Real sequences which sum to 0, multiply to 1.
Solution 1:
Use that
$$(x_n+y_n)^2-4x_ny_n=(x_n-y_n)^2.$$
So $(x_n-y_n)^2$ has a limit. If we take limits then
$$-4=0-4=\lim_{n\to\infty}(x_n+y_n)^2-4\lim_{n\to \infty}x_ny_n=\lim_{n\to\infty}((x_n+y_n)^2-4x_ny_n)=\lim_{n\to\infty}(x_n-y_n)^2.$$
But this gives a contradiction, since $(x_n-y_n)^2\ge 0,\forall n\in \Bbb{N}.$
So, the sequences do not exist.
Solution 2:
Assume toward a contradiction that there are such sequences $(x_n)_n$ and $(y_n)_n$. Because $\lim_n x_n y_n$ is positive, $x_n$ and $y_n$ eventually have the same sign.
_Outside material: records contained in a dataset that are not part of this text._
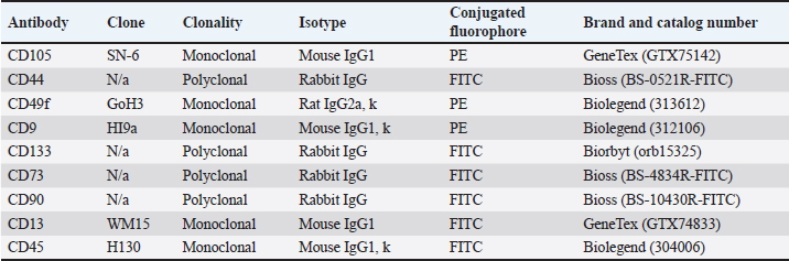 AbstractBackground: As an excellent model for many animal and human diseases, rabbits are the third-most used mammal model after mice and rats. A plethora of studies on the exploration of rabbit mesenchymal stem cells still face discrepancies, especially in the standardization of phenotype and genotype characteristics to support reproducibility in both biomedical and translational research. Aim: This study is aimed to evaluate the characterization and differentiation potential of visceral rabbit adipose-derived mesenchymal stem cells (Rab-ADMSC). Methods: Visceral adipose tissue was obtained from three healthy male White New Zealand rabbits. Cells were further processed and cultivated aseptically. Phenotype and genotype assessments, including morphological observation, proliferation capacity, population doubling time, stemness- and senescence-related genes determination, a set panel of mesenchymal stem/stromal cell (MSC) surface markers evaluation, and multilineage differentiation, were performed in this study. Results: Visceral Rab-ADMSC exhibited fibroblast-like shape morphology and had a plastic adherent ability, expressed stemness- (NANOG, SOX2) and senescence-related (TP53, CDKN1A) markers. Visceral Rab-ADMSC performs high expression of CD9, moderate expression of CD44 and CD49f, dimly expression of CD105, CD90, and CD73, and negative expression of CD13 and CD133 as well as CD45 as a hematopoietic stem cell marker. Despite these discrepancies, visceral Rab-ADMSC maintained its ability to differentiate into osteocytes, adipocytes, and chondrocytes. Conclusion: To recapitulate, visceral Rab-ADMSC reveals the phenotype and genotype characteristics of adult mesenchymal stem cells. The study emphasizes how variations in tissue sources, culture conditions, and techniques can affect the reproducibility and validity of MSC obtained from different specific anatomical depots and species. Thus, the utilization of rabbit MSC as an animal model in biomedical and translational studies should be done with full caution to avoid data misinterpretation. Keywords: Abdominal adipose tissue, Oryctolagus cuniculus, stem cells, regenerative medicine, process innovation. IntroductionRabbit is widely used as an experimental model for human and veterinary medicine because of their ease of handling and relatively economical for daily care. Their size is ideal for surgical procedures and allows for use in a large number of animals, improving the statistical significance. Rabbit is excellent for many applications in biotechnology and translational research, because of their phenotype and genotype similarities with human (Zomer et al., 2018; Tan et al., 2013; Calle et al., 2022). Rabbit adipose mesenchymal stem cells (Rab-ADMSC) have been reported that it has a resemblance in terms of cellular and tissue physiology to human MSC (Zomer et al., 2018). Rabbit adipose mesenchymal stem cells (Rab-ADMSC) have been extensively used to support translational studies in human medicine, such as atherosclerosis, insulin resistance, osteoarthritis, and regenerative medicine (Vachkova et al., 2016; Riester et al., 2017; Tang et al., 2017; Esteves et al., 2018; Schafrum Macedo et al., 2019). Adipose tissues are an excellent alternative source for mesenchymal stem/stromal cells (MSCs) because of their less invasive procedures, less pain, and high-yield cell numbers (Guneta et al., 2016). Adipose tissue-derived MSC obtained from rabbits has been shown to adhere to plastic surfaces and undergo multilineage differentiation (Martinez-Lorenzo et al., 2009; Zomer et al., 2018; Chen et al., 2020; Almaliotis et al., 2021; Tirpakova et al., 2021; Koung Ngeun et al., 2023). Thus, it serves a high potency for the utilization of Rab-ADMSC as an MSC source in supporting biomedical and translational research (Martinez-Lorenzo et al., 2009; Lee et al., 2014; Riester et al., 2017; Zomer et al., 2018). In addition, MSCs obtained from adipose tissues show higher viability, proliferation rate, and differentiation capability compared to bone marrow-derived MSC (Torres et al., 2007; Via et al., 2012; Frese et al., 2016; Koung Ngeun et al., 2023). Rab-ADMSC can be collected from subcutaneous and visceral depots. Although it is harder to collect, visceral Rab-ADMSC showed higher osteogenic potency and high yield compared to subcutaneous depots (Peptan et al., 2006; Jurgens et al., 2008; Cawthorn et al., 2012). Despite a great deal of research on visceral Rab-ADMSC, an inconsistent result has been found primarily due to the lack of characteristic information in cellular and molecular biology basis (Tan et al., 2013). Plethora study on rabbit MSC isolation and characterization revealed that in all studies, the rabbit MSC showed the three-lineage differentiation capability, but the study on MSC surface markers was inconsistent (Lee et al., 2014; Zomer et al., 2018). The obstacle in developing of the standardization rabbit MSC is the difficulties to obtain rabbit-specific antibody provided by the manufacturer. Thus, another approach to assess rabbit MSC surface marker was used, such as gene expression assessment in mRNA level using the RT-qPCR method (Tan et al., 2013; Lee et al., 2014; Tirpakova et al., 2021; Koung Ngeun et al., 2023). According to the International Society for Cellular Therapy (ISCT), the gold standard to evaluate the MSC surface marker should be performed by flow cytometry (Dominici et al., 2006). In addition, there are no guidelines for characterization, and the most recent guideline ISCT only addresses the human mesenchymal stem cells, which may not be valid for multiple species (Wright et al., 2021). Until now, there has been no comprehensive study evaluating the rabbit MSC on both phenotypic and genotypic bases. This study is aimed to establish and validate the Rab-ADMSC characteristics on genotype and phenotype bases. In addition, a set of antibody panels will be used to validate and evaluate the MSC surface marker by flow cytome
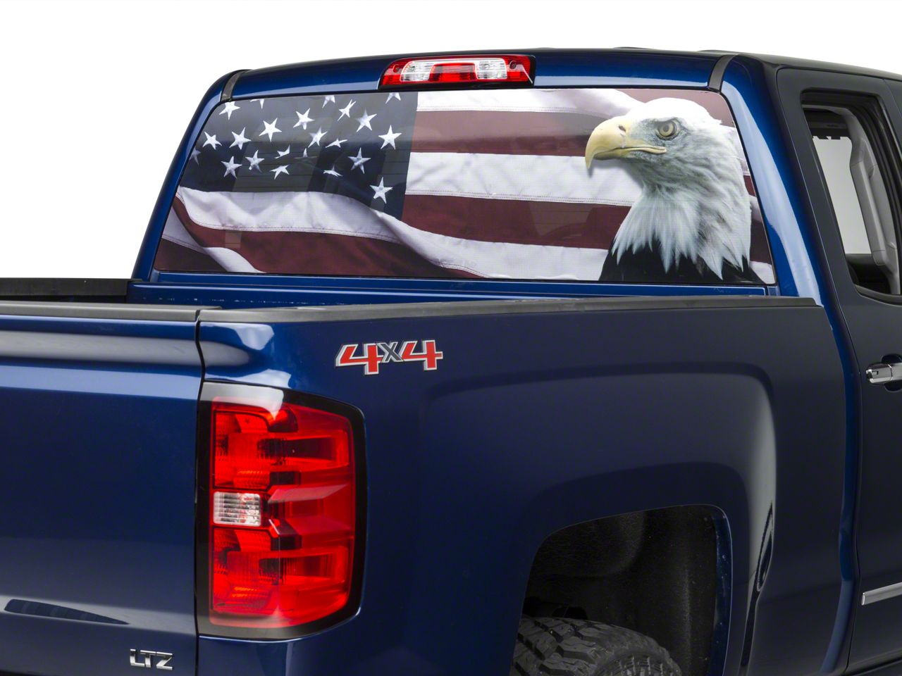 Application. This SEC10 Full Color American Flag and Bald Eagle Perforated Rear Window Decal will fit all 2007 to 2026 Chevrolet Silverado 1500 models. Please note that this rear window decal is designed to be applied to the outside of the glass only.
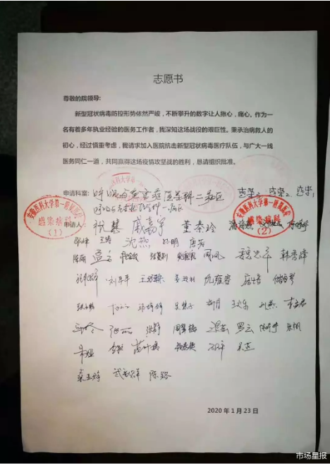 马寒香是安医大一附院的一名护士长,她看到号召后,第一时间向医院交了请战书。
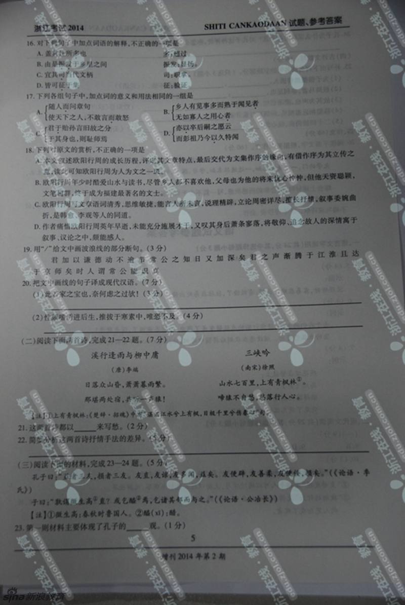 2014年浙江高考语文真题及答案(高清图片版)(5)
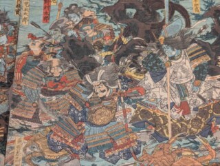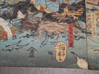 こちらの作品は水中で三種の神器を探す平家の武士たちが描かれているものです。もちろん史実ではなく源平合戦の内、壇ノ浦の戦い後失意のうちに滅亡した平家の武士たちが怨霊となって現れるといった創作が江戸時代に流行し、浮世絵でも表されました。海の底なので魚や蟹といった生物も描かれています。特に蟹は関門海峡で捕れる平家蟹と思われ、芳虎のユーモアも見られる作品となっています。
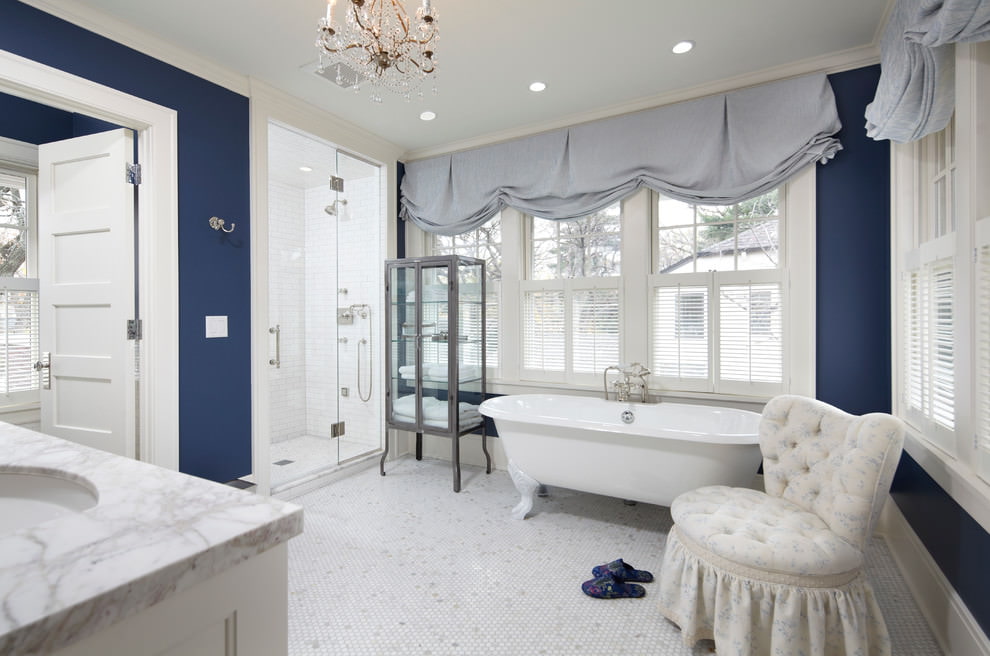 Sol brillant dans une salle de bain spacieuse de style classique

Without loss of generality, we may assume that for infinitely many $n$ they are both positive. By passing to a subsequence we may assume that $x_n$ and $y_n$ are both positive for all $n$. Then $x_n$ and $y_n$ are both between $0$ and $x_n + y_n$, which approaches zero as $n \to \infty$, so $x_n$ and $y_n$ themselves approach zero as $n \to \infty$. Therefore $\lim_n x_ny_n = 0$, which is a contradiction.